Remarks on the Mechanical Stability of Post-Buckling Configurations
The post-buckling configurations of an originally straight elastic rod/tube are not stable. If the compressive loads are removed, the rod/tube tends to return to its original shape in consequence of its elasticity. A corresponding behavior was observed in chick embryos when the ventral wall of the primary pericardial cavity was removed during the initial phase of dextral-looping (HH-stage 11). In this case, the heart loop lost its already acquired helical shape and returned to a sinusoidal configuration (Voronov and Taber, 2002; Voronov et al., 2004). However, it is a well-known fact to embryologists that, if the ventral pericardial wall is removed at advanced stages of cardiac looping (e.g., HH-stage 18), the heart loop usually retains its complex helical shape. Thus, if we suspect that the helical deformations of the embryonic heart loop result mainly from growth-induced compressive loads, the latter finding implies the existence of form stabilizing mechanisms within the developing heart. The existence of such mechanisms has been postulated and experimentally confirmed on amphibian embryonic tissues by the Russian biologist Beloussov (Beloussov and Grabovsky, 2006; Kremnyov et al., 2012). Therefore, the mechanical stability of embryonic heart loop configurations at advanced stages of the looping process does not conflict with the growth-induced buckling hypothesis of cardiac looping mechanics.
Limitations of Our Simulation Model
Every simulation model has its limitations since it focuses only on a clearly defined number of factors suspected to contribute to a given process. Thus, the picture of the looping process provided by our present model may lead to an overrating of the mechanical factors acting in this model. Previous experimental data suggest that cardiac looping may be driven by several independently regulated mechanical factors which generate overlapping effects and may act in a cooperative manner to generate the normal form changes of the looping embryonic heart tube (Stalsberg, 1970; Manasek, 1981). The data from our model do not exclude the possibility that further mechanical factors may play prominent roles in cardiac looping. Among the list of possibly important mechanical factors neglected in our present simulation model are (i) active, cytoskeleton-driven changes in myocardial cell shape which appear to drive the intrinsic bending of the heart tube (see above); (ii) regional differences in mechanical properties (stiffness) of the heart tube which may support the bending caused by active cell-shape changes (Zamir et al., 2003); (iii) regional differences in the proliferation of the ventricular myocardium which may contribute to cardiac looping via expansion (ballooning) of the outer curvature of the ventricular bend (de Boer et al., 2012); (iv) heart loop compression caused by formation of embryonic body (cervical) flexures, which plays an important role in ‘S-looping’ (Männer et al., 1993, 1995; Männer, 2004; Ramasubramanian et al., 2013); (v) bilaterally asymmetric distributions of compressive and tensile stresses along the venous pole of the heart tube which appear to play prominent roles in rightward torsion of the embryonic chick heart (Ramasubramanian et al., 2006; Taber, 2006; Taber et al., 2010); and (vi) bilaterally asymmetric patterns of cell proliferation (L>R) in the dorsal mesocardium and in the foregut endoderm which also may contribute to rightward torsion of the heart loop of chick embryos (Linask et al., 2005; Linask and Vanauker, 2007).

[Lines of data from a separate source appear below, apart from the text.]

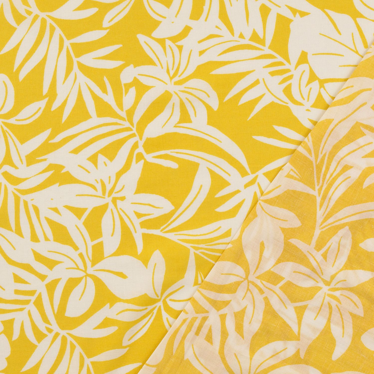 Voile de coton - Feuilles tropicales jaune
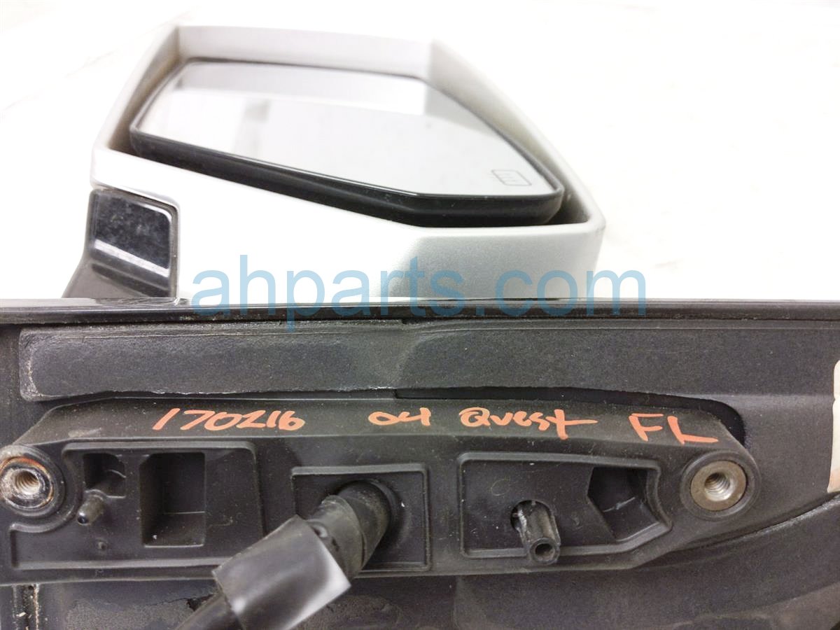 2004 Nissan Quest side driver rear view mirror - silver -scuffs is a used item with a 1 year warranty. This OEM replacement side driver rear view mirror - silver -scuffs is genuine and has part numbers 96302-5Z360, and 963025Z360. This Nissan part sells for $75.
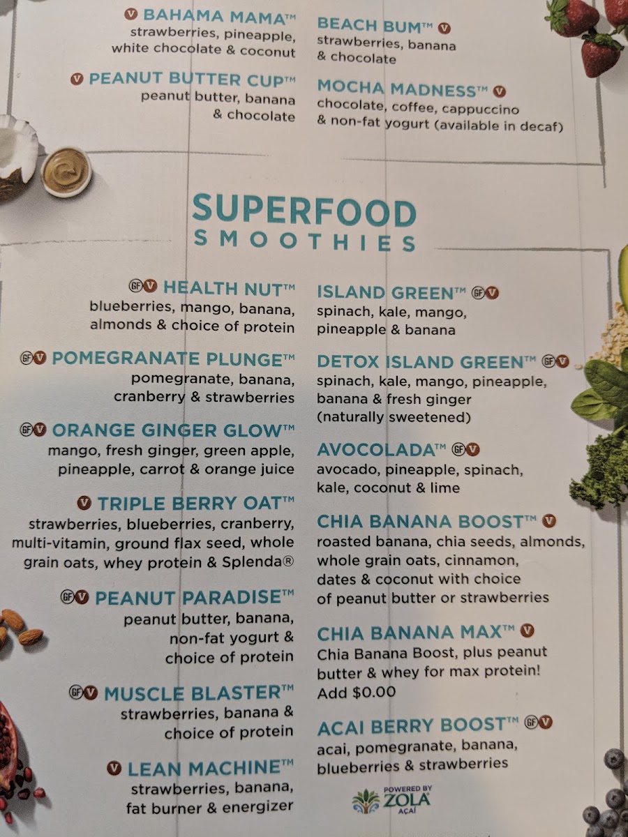 Tropical Smoothie Cafe offers a vibrant menu that expertly blends fresh, health-conscious ingredients with crave-worthy flavors. Known for its super veggie smoothies like the Island Green® and Avocolada™, each packed with nutrient-rich spinach, kale, and tropical fruits, this spot redefines what a smoothie can be. The menu extends beyond drinks to include hearty sandwiches such as the savory Turkey Bacon Ranch on ciabatta, and bright, flavorful salads like the Supergreen Caesar and Thai Chicken, each layered with fresh vegetables and thoughtfully paired dressings.

A further limitation of our model is the fact that it is primarily a qualitative model, which uses elements of idealized geometrical configurations and does not include realistic material properties (see Materials and methods). Thus, the morphogenetic behavior observed in our physical model for cardiac looping is an idealized picture that cannot match exactly with the morphogenetic behavior of real embryonic hearts as observed in popular biological “models,” such as zebrafish, frog (Xenopus laevis), chick, quail, and mouse. It will be a challenge for the future to construct models facilitating testing of the physical plausibility of the growth-induced buckling hypothesis under more realistic conditions.
We should finally emphasize that our present simulation model has confirmed only the physical plausibility of the growth-induced buckling hypothesis of cardiac looping mechanics. It is not a proof for validity of this hypothesis in real biological systems. Biological objects of the same geometrical shape can be generated by different sets of forces. Because of this phenomenon, named phenocopy, we cannot be sure that the forces acting in our model also act in cardiac looping. To illustrate the phenocopy problem, we should note that, recently, one of us (Jörg Männer) has found that the morphogenesis of fastened tendrils of climbing plants is characterized by the same global form changes as the looping morphogenesis of embryonic hearts (Männer, 2013). This finding led to the speculation that cardiac looping and tendrils coiling may be driven by the same morphogenetic mechanism (Männer, 2013). In contrast to our present model, the bending and helical coiling of tendrils do not result from a buckling process but result from a different morphogenetic process named “intrinsic curvature driven morphogenesis” (Goriely and Tabor, 1998; McMillen and Goriely, 2002). Future studies are needed to clarify which of the currently discussed hypotheses of cardiac looping mechanics fits best with the biological reality.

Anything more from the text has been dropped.